§ Task to complete:
Write out the lines below exactly, beginning at the one with "Je n’aime pas" and stopping after the one with "This Veksha model"; the pictures are not copied.
Data section start
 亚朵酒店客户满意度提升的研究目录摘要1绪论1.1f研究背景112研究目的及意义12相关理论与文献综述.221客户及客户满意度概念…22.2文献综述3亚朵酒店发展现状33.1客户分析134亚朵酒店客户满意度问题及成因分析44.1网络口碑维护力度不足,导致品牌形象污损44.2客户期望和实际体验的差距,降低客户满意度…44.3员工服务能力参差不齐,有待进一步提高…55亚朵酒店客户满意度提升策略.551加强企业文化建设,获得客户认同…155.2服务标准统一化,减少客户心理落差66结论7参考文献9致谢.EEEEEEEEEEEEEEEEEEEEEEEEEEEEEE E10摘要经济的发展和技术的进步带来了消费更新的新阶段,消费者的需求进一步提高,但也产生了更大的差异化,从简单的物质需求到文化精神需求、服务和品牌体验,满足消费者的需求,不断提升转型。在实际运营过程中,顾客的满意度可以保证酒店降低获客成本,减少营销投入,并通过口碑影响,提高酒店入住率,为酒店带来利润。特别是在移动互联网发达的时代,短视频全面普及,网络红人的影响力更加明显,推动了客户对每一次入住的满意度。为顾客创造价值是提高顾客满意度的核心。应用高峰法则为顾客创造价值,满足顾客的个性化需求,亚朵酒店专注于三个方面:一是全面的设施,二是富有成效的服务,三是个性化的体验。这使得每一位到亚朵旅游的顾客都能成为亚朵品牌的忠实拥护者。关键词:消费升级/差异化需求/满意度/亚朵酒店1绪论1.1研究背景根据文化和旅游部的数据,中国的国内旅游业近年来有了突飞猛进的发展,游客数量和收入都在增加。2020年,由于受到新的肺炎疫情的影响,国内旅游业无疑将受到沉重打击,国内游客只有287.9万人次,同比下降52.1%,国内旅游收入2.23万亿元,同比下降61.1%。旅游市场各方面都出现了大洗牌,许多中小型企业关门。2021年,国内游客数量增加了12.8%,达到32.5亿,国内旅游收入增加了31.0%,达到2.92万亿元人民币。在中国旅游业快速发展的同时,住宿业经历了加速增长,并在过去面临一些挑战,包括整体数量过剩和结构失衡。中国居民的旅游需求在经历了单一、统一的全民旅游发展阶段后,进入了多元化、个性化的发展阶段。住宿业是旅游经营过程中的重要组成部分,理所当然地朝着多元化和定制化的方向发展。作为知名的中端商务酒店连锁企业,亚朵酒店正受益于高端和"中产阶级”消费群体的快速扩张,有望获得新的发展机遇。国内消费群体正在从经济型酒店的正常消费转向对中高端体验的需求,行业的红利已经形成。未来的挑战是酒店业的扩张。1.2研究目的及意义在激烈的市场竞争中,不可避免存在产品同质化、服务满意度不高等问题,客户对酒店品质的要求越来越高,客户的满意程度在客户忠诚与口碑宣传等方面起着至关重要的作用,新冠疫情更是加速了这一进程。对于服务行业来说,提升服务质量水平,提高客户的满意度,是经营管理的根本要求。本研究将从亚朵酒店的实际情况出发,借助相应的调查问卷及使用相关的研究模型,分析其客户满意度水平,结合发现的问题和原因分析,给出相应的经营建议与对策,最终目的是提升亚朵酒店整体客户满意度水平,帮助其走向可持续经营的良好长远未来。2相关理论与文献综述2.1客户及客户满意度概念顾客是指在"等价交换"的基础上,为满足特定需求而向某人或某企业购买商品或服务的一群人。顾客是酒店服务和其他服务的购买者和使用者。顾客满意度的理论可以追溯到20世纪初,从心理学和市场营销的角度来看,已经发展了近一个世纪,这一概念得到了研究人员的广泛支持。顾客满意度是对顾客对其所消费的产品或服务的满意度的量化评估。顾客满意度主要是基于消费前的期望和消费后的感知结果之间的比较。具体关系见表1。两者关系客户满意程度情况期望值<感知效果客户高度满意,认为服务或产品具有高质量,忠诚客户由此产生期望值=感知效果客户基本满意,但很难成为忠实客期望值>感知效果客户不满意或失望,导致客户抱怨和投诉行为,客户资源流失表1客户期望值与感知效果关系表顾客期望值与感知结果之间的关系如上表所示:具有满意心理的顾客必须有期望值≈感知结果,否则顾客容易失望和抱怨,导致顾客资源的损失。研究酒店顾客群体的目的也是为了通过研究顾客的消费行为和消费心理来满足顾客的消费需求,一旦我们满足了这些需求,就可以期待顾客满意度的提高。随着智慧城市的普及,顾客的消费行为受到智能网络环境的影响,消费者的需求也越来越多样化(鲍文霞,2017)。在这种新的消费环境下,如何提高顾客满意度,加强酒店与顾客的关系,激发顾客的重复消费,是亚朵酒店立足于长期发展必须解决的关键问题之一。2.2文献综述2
Data section end
Data section start
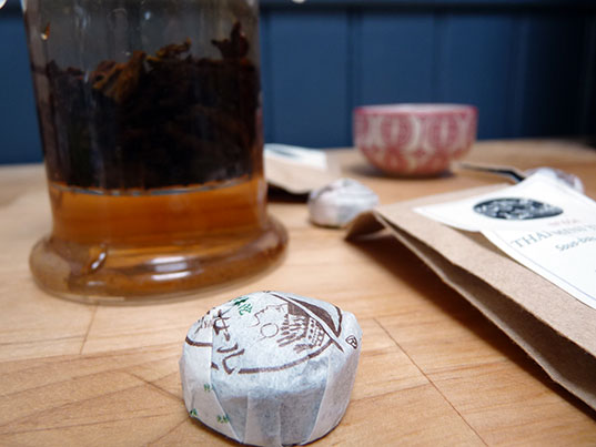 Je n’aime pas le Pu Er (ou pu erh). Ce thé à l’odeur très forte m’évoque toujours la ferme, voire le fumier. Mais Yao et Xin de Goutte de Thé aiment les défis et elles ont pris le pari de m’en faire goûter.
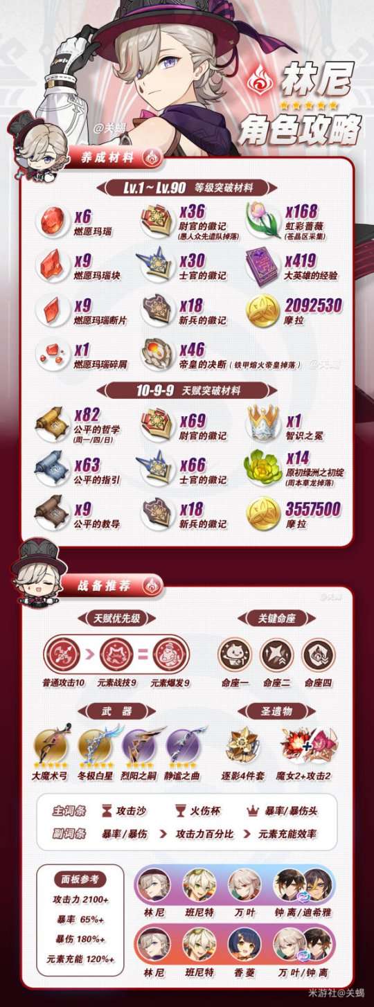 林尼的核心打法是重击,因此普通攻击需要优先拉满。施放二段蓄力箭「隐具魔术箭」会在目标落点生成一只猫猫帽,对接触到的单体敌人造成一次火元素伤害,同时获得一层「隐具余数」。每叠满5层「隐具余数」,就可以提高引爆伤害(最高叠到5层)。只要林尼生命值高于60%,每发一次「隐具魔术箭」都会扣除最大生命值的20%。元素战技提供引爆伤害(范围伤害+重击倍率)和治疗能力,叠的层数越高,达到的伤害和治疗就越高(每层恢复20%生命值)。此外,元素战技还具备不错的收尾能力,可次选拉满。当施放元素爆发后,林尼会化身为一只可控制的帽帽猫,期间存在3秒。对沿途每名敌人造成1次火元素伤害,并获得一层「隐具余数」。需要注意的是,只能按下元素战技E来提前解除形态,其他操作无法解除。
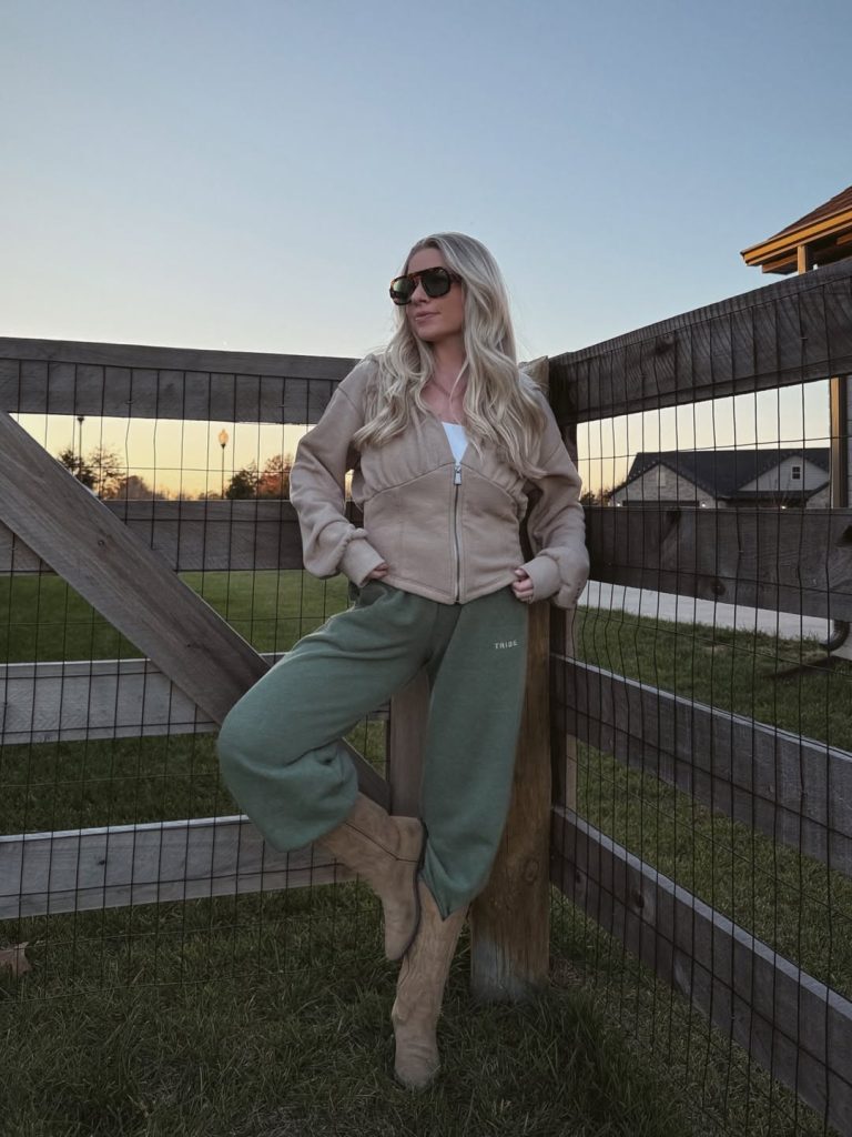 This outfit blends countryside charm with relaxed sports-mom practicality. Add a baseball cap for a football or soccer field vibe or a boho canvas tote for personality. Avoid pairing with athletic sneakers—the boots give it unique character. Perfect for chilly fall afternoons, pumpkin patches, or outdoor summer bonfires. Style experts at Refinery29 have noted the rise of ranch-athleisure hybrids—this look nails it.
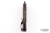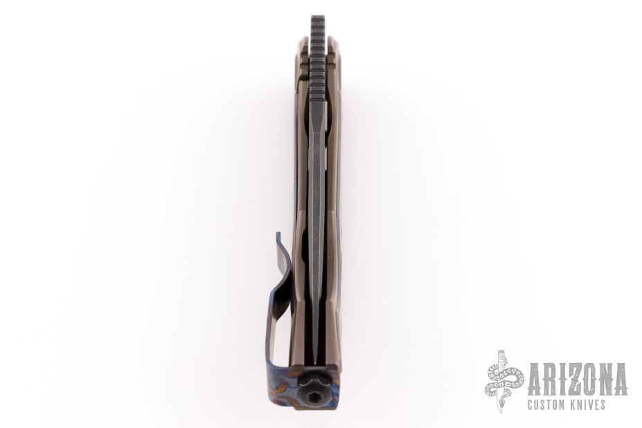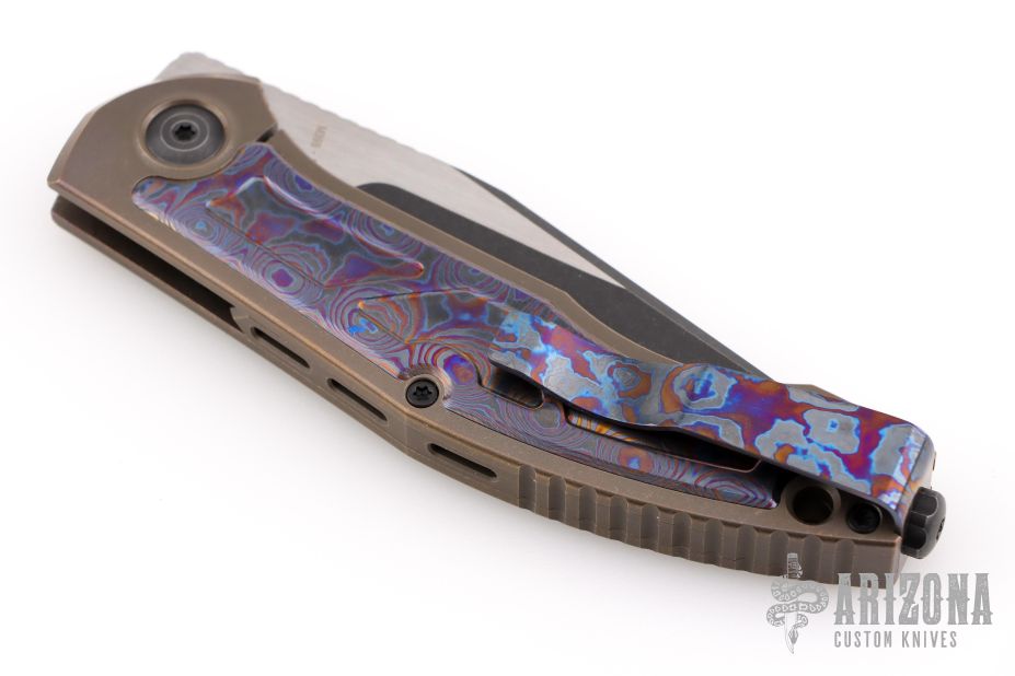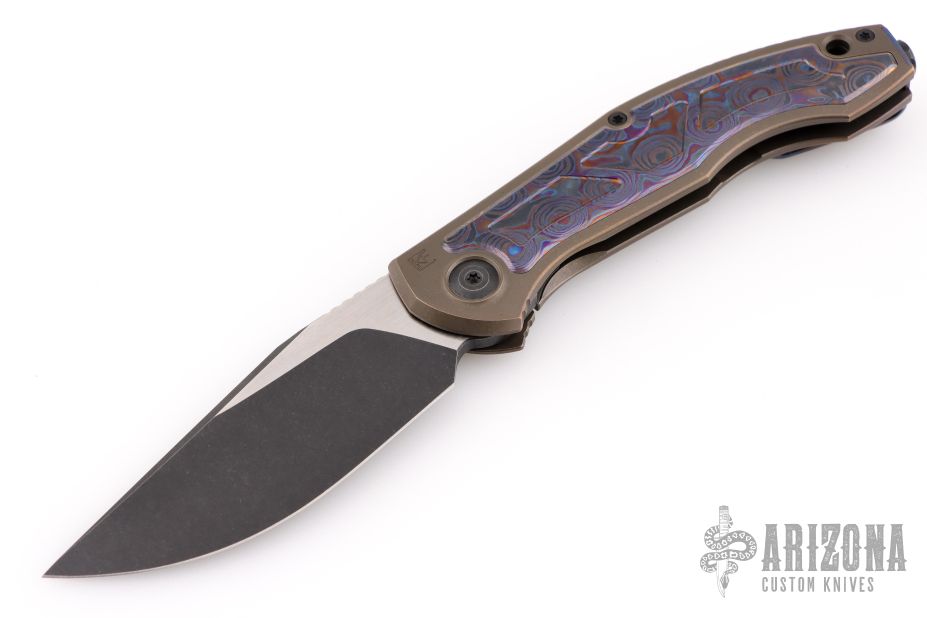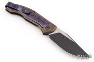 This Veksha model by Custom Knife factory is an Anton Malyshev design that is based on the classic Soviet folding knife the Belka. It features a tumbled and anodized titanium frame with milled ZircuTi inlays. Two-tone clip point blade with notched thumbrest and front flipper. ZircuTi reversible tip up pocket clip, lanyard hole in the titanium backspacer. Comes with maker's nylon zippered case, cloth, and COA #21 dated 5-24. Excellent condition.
Data section end
§ Response below:
 Je n’aime pas le Pu Er (ou pu erh). Ce thé à l’odeur très forte m’évoque toujours la ferme, voire le fumier. Mais Yao et Xin de Goutte de Thé aiment les défis et elles ont pris le pari de m’en faire goûter.
 林尼的核心打法是重击,因此普通攻击需要优先拉满。施放二段蓄力箭「隐具魔术箭」会在目标落点生成一只猫猫帽,对接触到的单体敌人造成一次火元素伤害,同时获得一层「隐具余数」。每叠满5层「隐具余数」,就可以提高引爆伤害(最高叠到5层)。只要林尼生命值高于60%,每发一次「隐具魔术箭」都会扣除最大生命值的20%。元素战技提供引爆伤害(范围伤害+重击倍率)和治疗能力,叠的层数越高,达到的伤害和治疗就越高(每层恢复20%生命值)。此外,元素战技还具备不错的收尾能力,可次选拉满。当施放元素爆发后,林尼会化身为一只可控制的帽帽猫,期间存在3秒。对沿途每名敌人造成1次火元素伤害,并获得一层「隐具余数」。需要注意的是,只能按下元素战技E来提前解除形态,其他操作无法解除。
 This outfit blends countryside charm with relaxed sports-mom practicality. Add a baseball cap for a football or soccer field vibe or a boho canvas tote for personality. Avoid pairing with athletic sneakers—the boots give it unique character. Perfect for chilly fall afternoons, pumpkin patches, or outdoor summer bonfires. Style experts at Refinery29 have noted the rise of ranch-athleisure hybrids—this look nails it.
 This Veksha model by Custom Knife factory is an Anton Malyshev design that is based on the classic Soviet folding knife the Belka. It features a tumbled and anodized titanium frame with milled ZircuTi inlays. Two-tone clip point blade with notched thumbrest and front flipper. ZircuTi reversible tip up pocket clip, lanyard hole in the titanium backspacer. Comes with maker's nylon zippered case, cloth, and COA #21 dated 5-24. Excellent condition.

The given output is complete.